Before AI became the default answer to every retail challenge, Purva Gupta was already building Lily AI around a much simpler idea: shoppers and retailers don’t speak the same language.
Now in its tenth year, Lily helps brands rewrite their product data using the language real people use to search. Whether it’s on Google, a retail site, or a generative platform, Lily enriches product catalogs with consumer-first language to ensure items are not just listed, but actually discoverable.
“We’re bridging the gap between how merchants describe products and how consumers describe them,” said Gupta. “If you’re calling it ‘midnight French terry athleisure’ and I’m typing ‘navy hoodie,’ I’ll never find it.”
Tomorrow, Gupta joins the "Beyond the Hype" panel at Possible 2025, where she’ll share what it means to build AI for utility, not headlines.
The idea for Lily came from personal experience. After moving to the U.S., Gupta found herself repeatedly frustrated by poor search results while shopping online.
“I thought maybe I didn’t know the right words,” she recalled. But after interviewing thousands of women about how they described their last purchase, she discovered a pattern: what shoppers said and what brands labeled were often worlds apart.
From there, Lily was born. Not in the recent hype cycle, but from a product gap uncovered one conversation at a time.
Gupta, trained as an economist, focused first on the problem, then on building a solution powered by AI. Over the years, Lily evolved to support top brands like Abercrombie, Hoka, and Coach, enriching their entire catalogs with language that maps to billions of real consumer searches.
In a crowded AI landscape, Gupta credits Lily’s longevity to one thing: relentless focus on outcomes.
“We’ve stayed competitive by solving the problem that actually matters to brands. And that problem is being found and being sold.”
Lily offers a no-code integration and guarantees a 5 to 10 percent lift in revenue from Google Shopping. For Gupta, the sales lift is the proof, not the model architecture.
“You need the CFO to say yes. They’re looking at ROI, not hype.”
Internally, every team at Lily uses AI in daily operations, from engineering to marketing. But Gupta is clear that AI no longer sets a company apart. It’s simply the new baseline.
“Now the question is how you use your humans,” she said. “AI can get you to 90 percent. Use your team selectively for the final 10.”
That mindset shapes Lily’s product, too. The company offers automated product data generation and optimization, while ensuring oversight when data goes directly to consumers.
Since its earliest days, Lily has been built on proprietary training data. That data was carefully designed to represent the language and behavior of the female consumer who Gupta notes controls 80 percent of consumer spending but is often underserved by product labeling.
“Your AI is only as good as your training data,” she said. “And brands are responsible for what goes in front of the customer. That’s why we take full responsibility for what goes into ours.”

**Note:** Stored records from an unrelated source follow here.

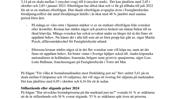På frågan ”Hur stark är efterfrågan från svenska köpare på din marknad just nu?” blev snittet 3,14 på en skala mellan 1 (mycket svag) till 6 (mycket stark). Det kan jämföras med 2,65 i oktober och 2,85 i januari 2023. Efterfrågan har alltså ökat och vi får gå tillbaka till juli 2022 för att se en starkare efterfrågan. Den ökade efterfrågan avspeglas även i Fastighetsbyråns försäljningssiffror där antal försäljningar hittills i år ökat med 48 % jämfört med samma period förra året.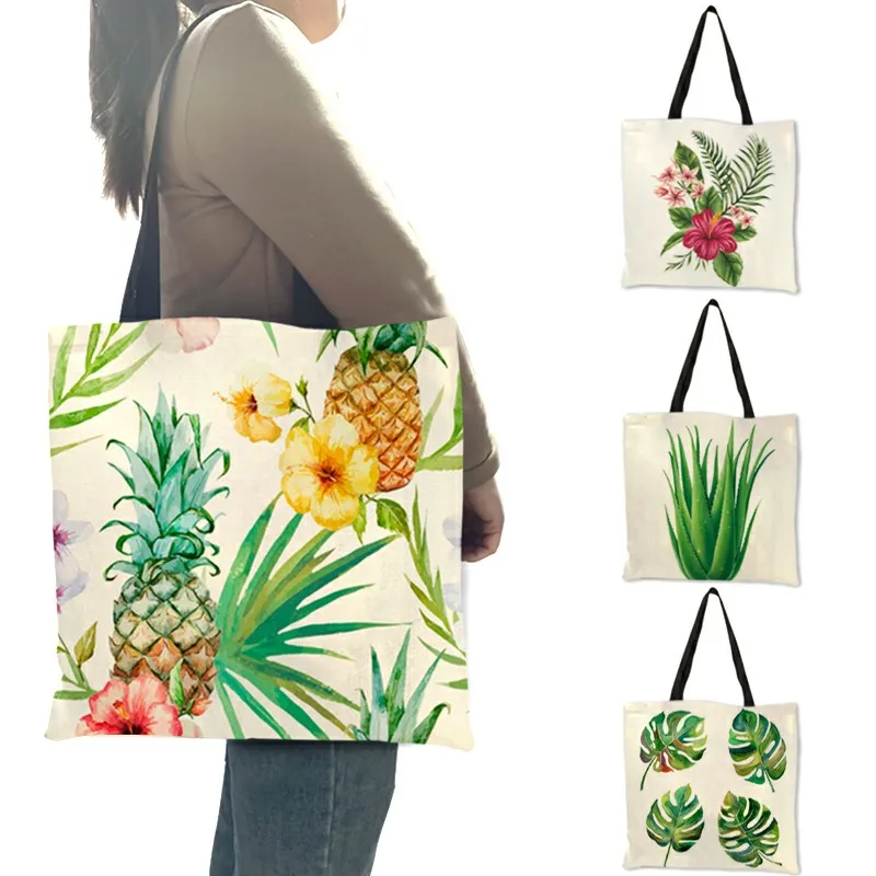 2018 Популярные Модные тропические сумки-тоут с растениями, женские модные сумки с принтом ананаса и кактуса, дорожные школьные сумки для покупок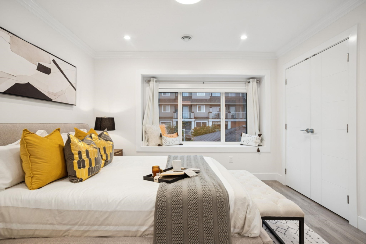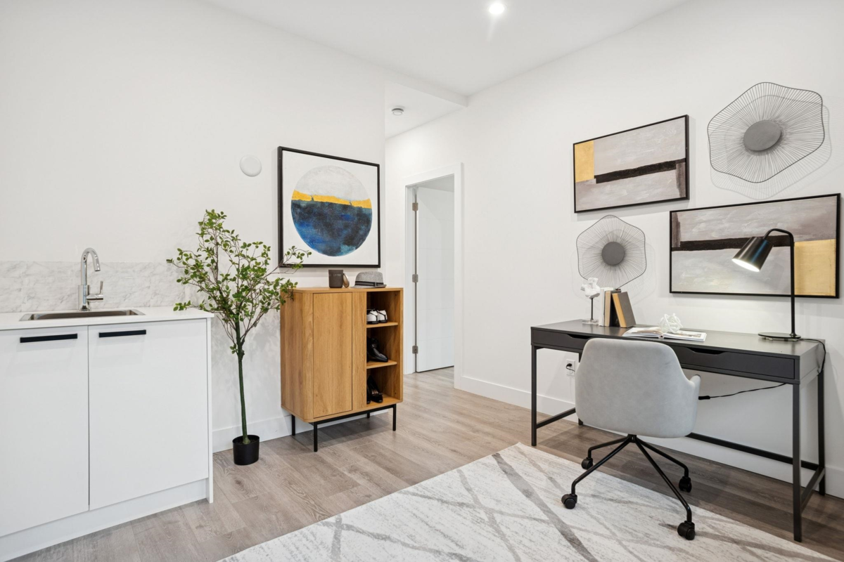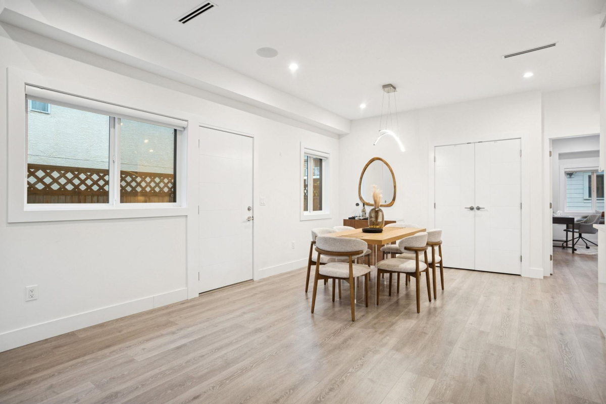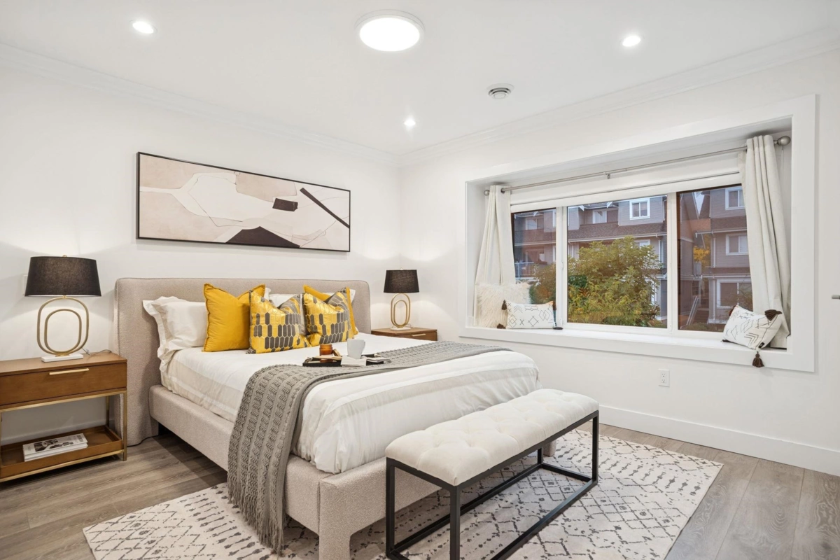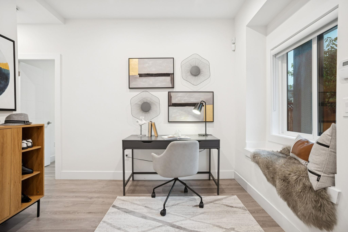 Well-designed 4 bed/4 bath modern duplex blends comfort, style, and function. Bright main living area features over-height ceilings and large windows that invite natural light. A well-equipped kitchen with quality appliances offers space for daily cooking and entertaining, while spa-inspired bathrooms add a relaxing touch. Stay comfortable year-round with radiant in-floor heating and A/C. Smart home features include built-in speakers, central vacuum, and a security camera system. The flexible main floor layout includes a bedroom, den, and full bath with separate entrance—ideal for a mortgage helper or in-law suite. Enjoy a fenced yard, single garage, and extra parking. Conveniently located within walking distance to local parks, community amenities, Highgate Shopping, top-ranked schools.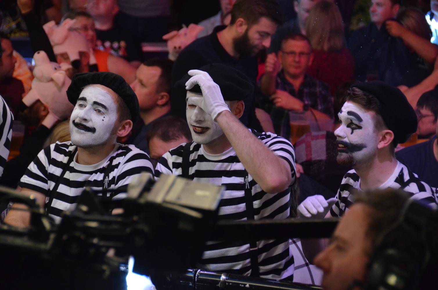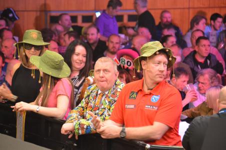 Auf einen langen ersten Tag, an dem ich mit sehr müden Beinen zurück ins Hotel gelaufen war, folgte ein zweiter, ebenso langer Tag, den ich tatsächlich wieder überwiegend auf der Bühne verbrachte. Da die Bühne in Wolverhampton nicht allzu groß ist, hat man den Fotografen (bzw. den Leuten, die so tun als ob nämlich mir) eine Ecke der Bühne zugewiesen, die von Sky Sports nicht erfasst wird. Die Sache hat allerdings einen Haken - entweder man verlässt die Bühne nach den Warm-up Darts oder man bleibt eben das Spiel hindurch in der Fotografen Ecke stehen. Wir hatten schon überlegt, ob wir uns nicht ein paar Stühle in die Ecke stellen sollten..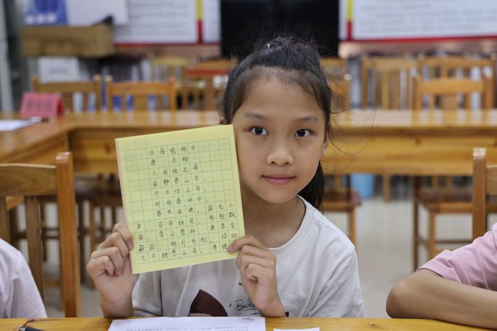 夏令营以《三字经》《唐诗三百首》为舟楫,精心设计“三维”教学法:拼音标注扫清诵读障碍,志愿者逐字正音,让“远上寒山石径斜”不再拗口;节奏训练活化韵律感知,孩子们拍手踏歌,在《春晓》的平仄中感受文字呼吸;舞台表演点燃表达自信,分组编排的《静夜思》朗诵,辅以手势与走位,稚嫩童声瞬间拥有了穿透人心的力量。课堂化身小型剧场,诵读从课本走向生活。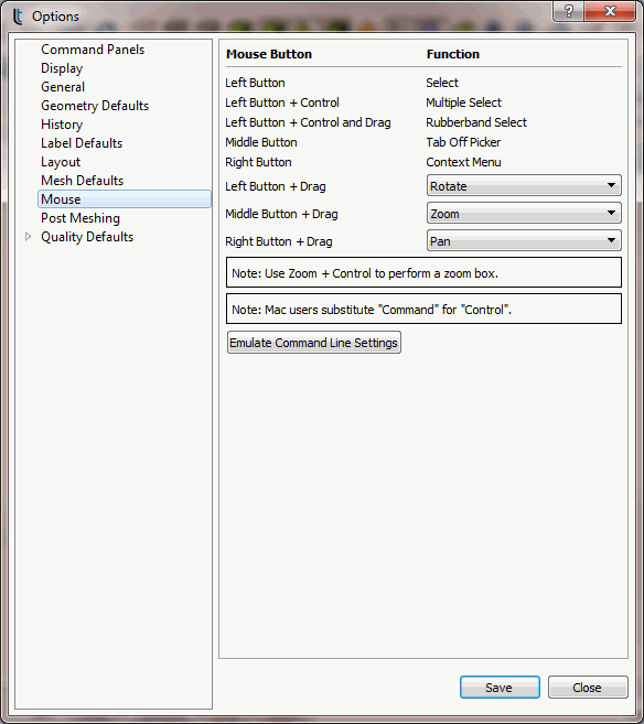 Options - Opens the Option dialog box. This dialog box controls all of the preferences for the GUI including display colors and widths, mouse settings, journal file options, mesh and geometry defaults, and general layout preferences. MAC users can find this menu under the Cubit tab.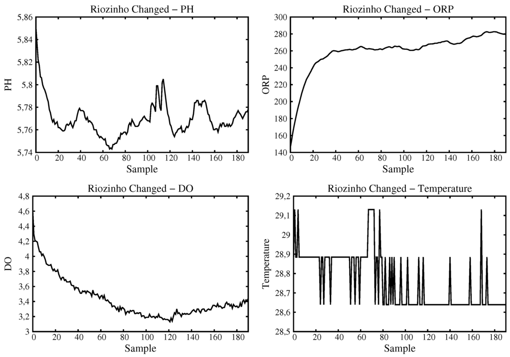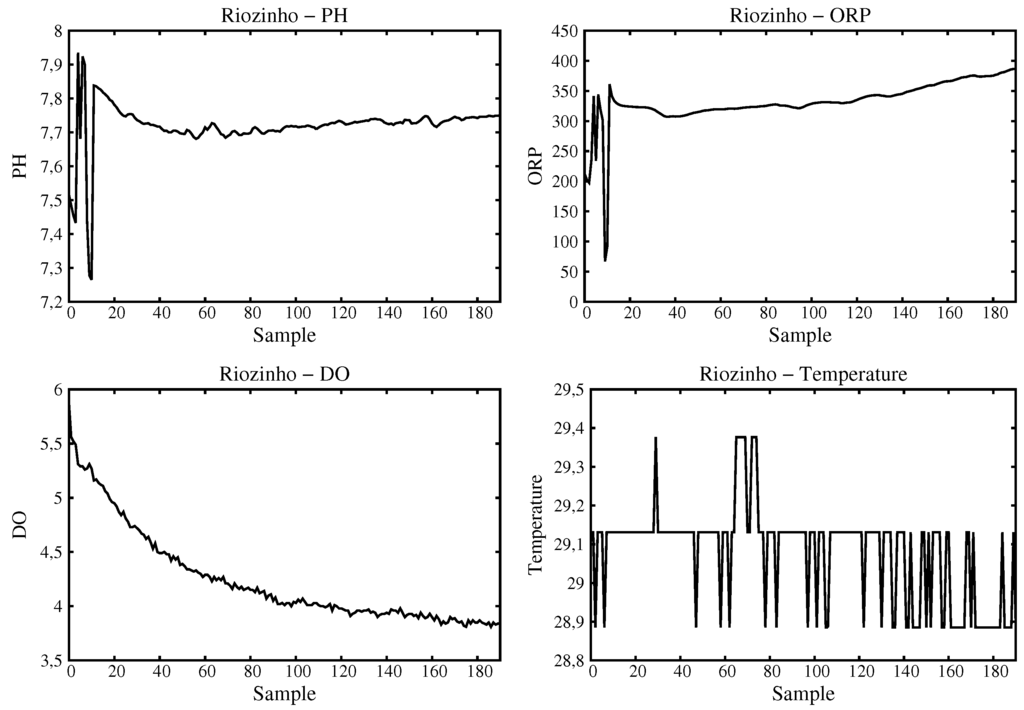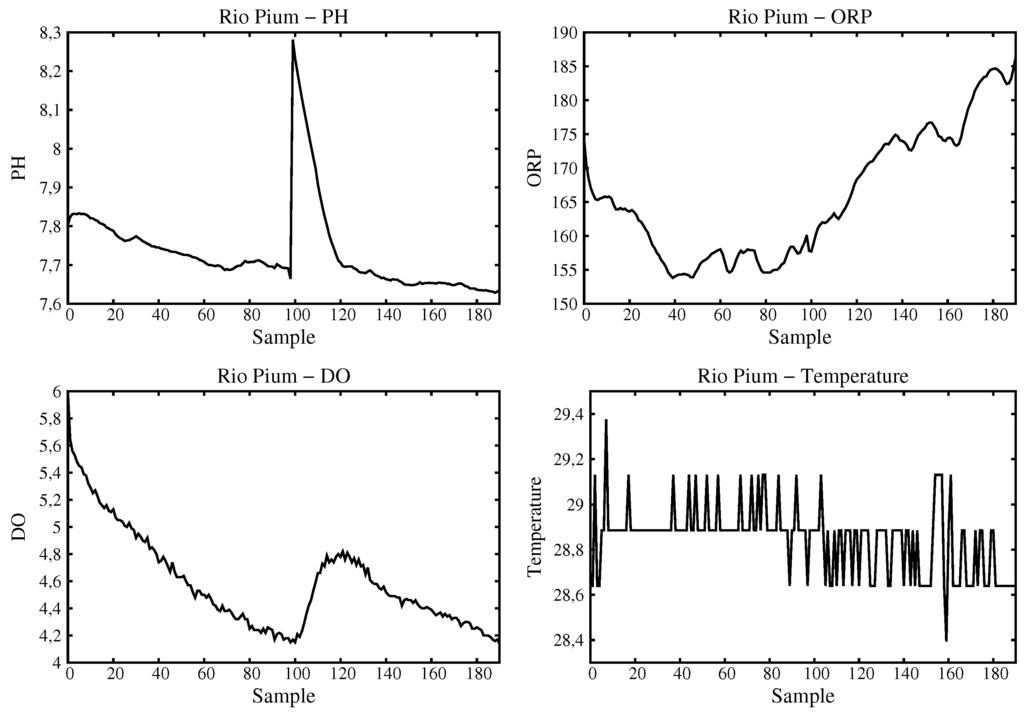 The graphics for data obtained at Pium River are shown in Figure 13. An interesting analysis is the small variation observed for the dissolved oxygen that occurred in between samples 100 and 160. This shows that a unique sampling analysis (as is the case with manual sampling for example) could mislead to wrong values. In this case, as the sensor is in the water for some time, the actual value can be obtained.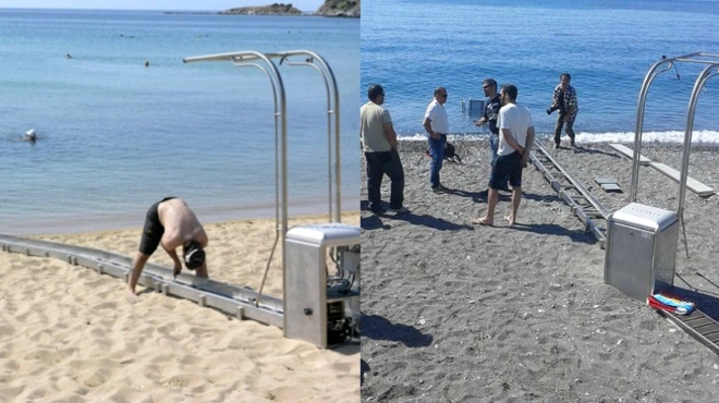 Παιδιά παίζουν σε παραλία με τη ράμπα πρόσβασης ΑΜΕΑ και το διαδίκτυο ξεσπά στους γονείς τους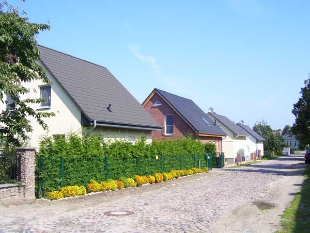 Aber auch ohne Tunnel kommt man auf die andere Seite des Gleises, wo eines der Ahrensfelder Neubaugebiete beginnt. Auch wenn die Häuser recht dicht stehen, am Rand und innerhalb des Wohngebiet gibt es ein paar grüne Inseln, in denen auch immer mal wieder die Wuhle zu Tage tritt, die auf dem Friedhofsgelände ihre Quelle hat und teils oberirdisch, teils in Rohren durch Ahrensfelde fließt, dann die Grenze zu Berlin markiert und weiter durch Kaulsdorf und Köpenick nach Spindlersfeld fließt, wo sie als recht stattlicher Bach in die Spree mündet. |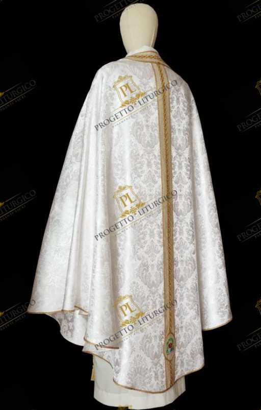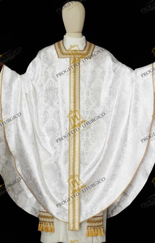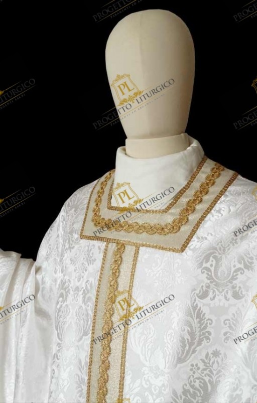 The early Christian white chasuble made of brocade fabric is a vestment of remarkable elegance. The fabric with which it was made, a very precious brocade, is highlighted by the play of agremans that constitutes the decoration.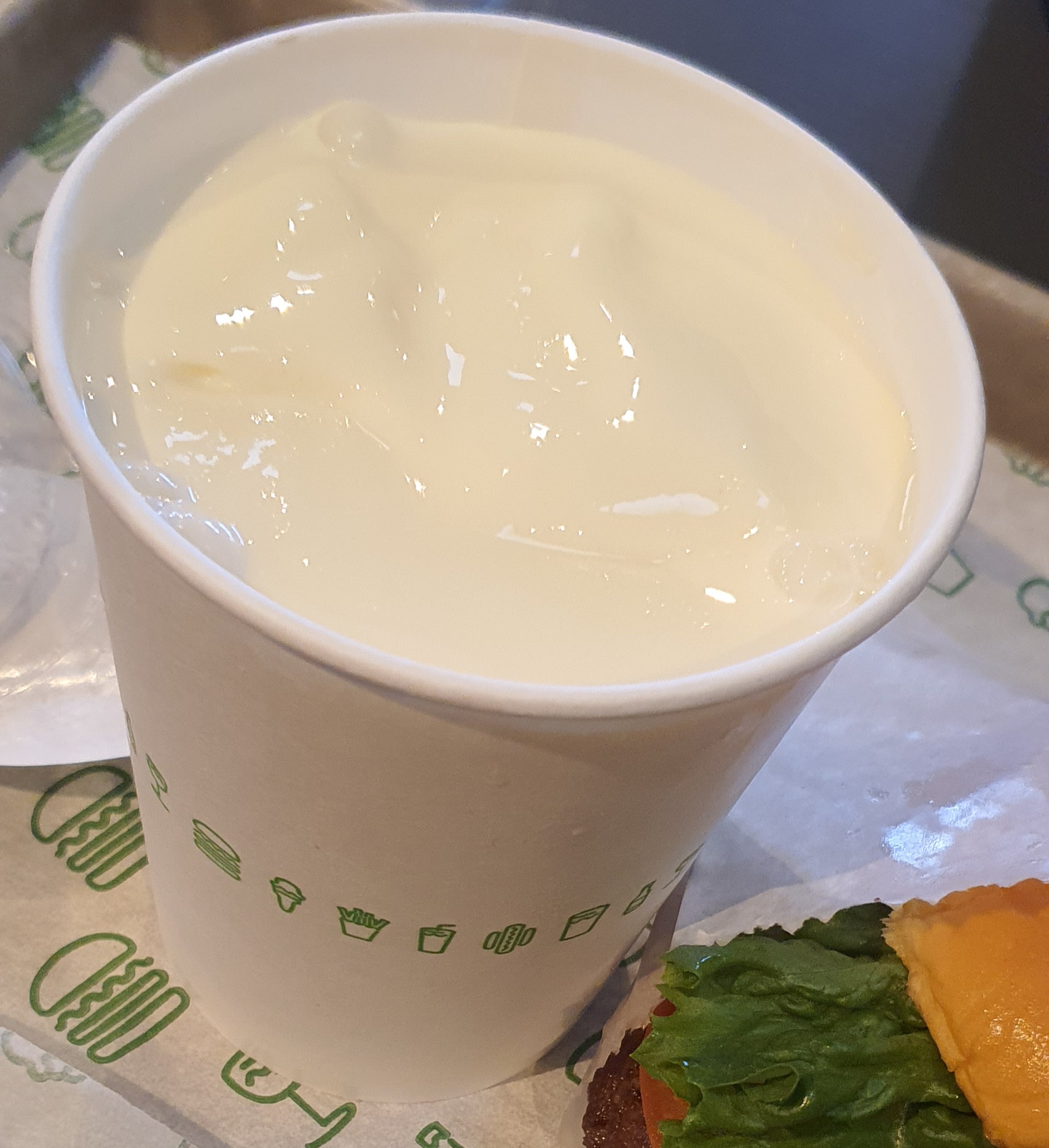 Read moreAverage food, bustling atmosphere, long lines, too few tables. No service. We had seen the one at Fulton but the lines were too long to consider. The one across from Barclays had a line but not quite as long. I truly don't get it. Despite the high volume our fries were tepid (we had two varieties for the table, both tepid and nothing special). HOW IS THAT POSSIBLE!!? they must be constantly frying - why are they not hot? Is it so people can and will gobble them quickly and leave? I had the portobello burger; it was good. Another had a cheeseburger; said it tasted like a cheeseburger: not bad but nothing to recommend it. Same type of response around the table. The chocolate shake was very chocolatey but nothing else to recommend it and the opening in lid on the shake kept collapsing the straw, flattening it so it didn't allow for drinking. Seating is so limited we split up so one could snag a table if one opened up while others stood in line to order. There were people posted all around the dining area, ready to pounce if diners moved. While seated there are others hovering to take your table. Maybe that's the key: people see the crowds and assume it's good, they are so rushed they don't even taste the lukewarm food as they wash it down to allow the next group access to repeat...

Lily combines machine learning, computer vision, and generative tools but it’s the structured, intentional foundation that keeps output aligned and useful.
Gupta’s team recently conducted consumer research to understand how AI is shaping shopping behavior. The standout stat: four in ten consumers are now starting commerce searches on generative platforms.
This, she said, is not a passing trend. It’s a signal that consumer behavior is evolving faster than brands expect.
“Brands can’t sit on the sidelines. The only way to learn is to test. But the focus has to stay on the fundamentals: what problem are you solving, and what’s the impact of the solution?”